Home > Software engineering >  How to load images from memory to numpy using file system
How to load images from memory to numpy using file system

Time:02-14

I want to store my image directory in memory, then load the images into a numpy array.

The normative way to load images that are not in memory is as follows:

import PIL.Image
import numpy as np

image = PIL.Image.open("./image_dir/my_image_1.jpg")
image = np.array(image)

However, I am not sure how to do this when the images are in memory. So far, I have been able to setup the following starter code:

import fs
import fs.memoryfs
import fs.osfs

image_dir = "./image_dir"

mem_fs = fs.memoryfs.MemoryFS()
drv_fs = fs.osfs.OSFS(image_path)

fs.copy.copy_fs(drv_fs, mem_fs)

print(mem_fs.listdir('.'))

Returns:

['my_image_1.jpg', 'my_image_2.jpg']

How do I load images that are in memory into numpy?
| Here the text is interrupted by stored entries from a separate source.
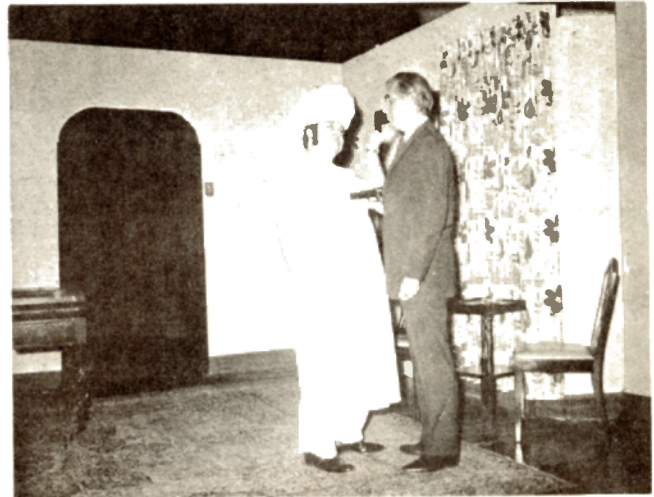
"I had a cake in the oven and your gunshots made it fall."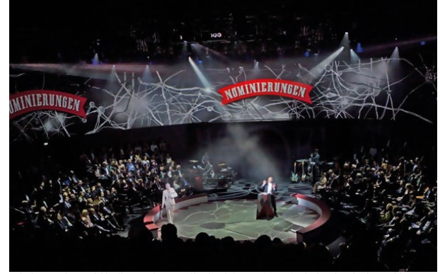
Photo courtesy of Studio Hamburg – the back image is projected onto Black HATOScreen.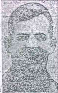
LEE HARVEY OSWALD

"At the age of 15," he adds, "after watching the way workers are treated in New York, and Negroes in the South, I was looking for a key to my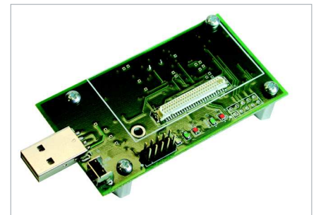
MIB520CB Mote Interface Board

Specifications subject to change without notice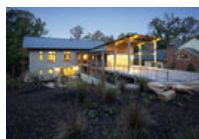
PHOTO GALLERY August Home of the Month 08.27.10 (18 images) Bridge (House) over troubled waters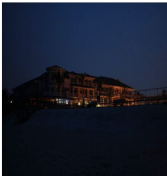
Impacts of light pollution controls: Before and after.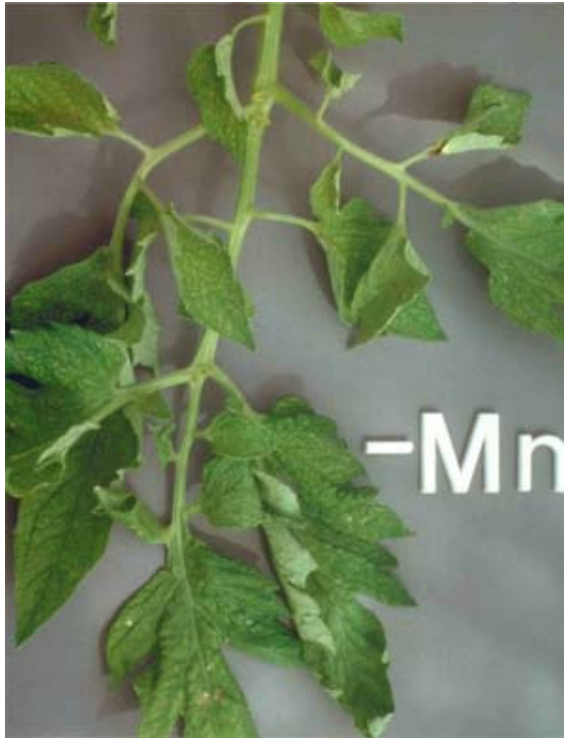
Web Figure 5.1.B Manganese deficiency symptoms in tomato. (Epstein and Bloom 2004)

chlorosis along with gray specks which elongate and coalesce, and eventually the entire leaf withers and dies.

I am also open to alternatives to the fs package.

CodePudding user response:

As per the documentation, Pillow's Image.open accepts a file object instead of a file name, so as long as your in-memory file package provides Python file objects (which it most likely does), you can just use them. If it doesn't, you could even just wrap them in a class that provides the required methods. Assuming you are using PyFilesystem, according to its documentation you should be fine.

So, you want something like:

import numpy as np
import PIL.Image
import fs.memoryfs
import fs.osfs
import fs.copy

mem_fs = fs.memoryfs.MemoryFS()
drv_fs = fs.osfs.OSFS("./image_dir")

fs.copy.copy_file(drv_fs, './my_image_1.jpg', mem_fs, 'test.jpg')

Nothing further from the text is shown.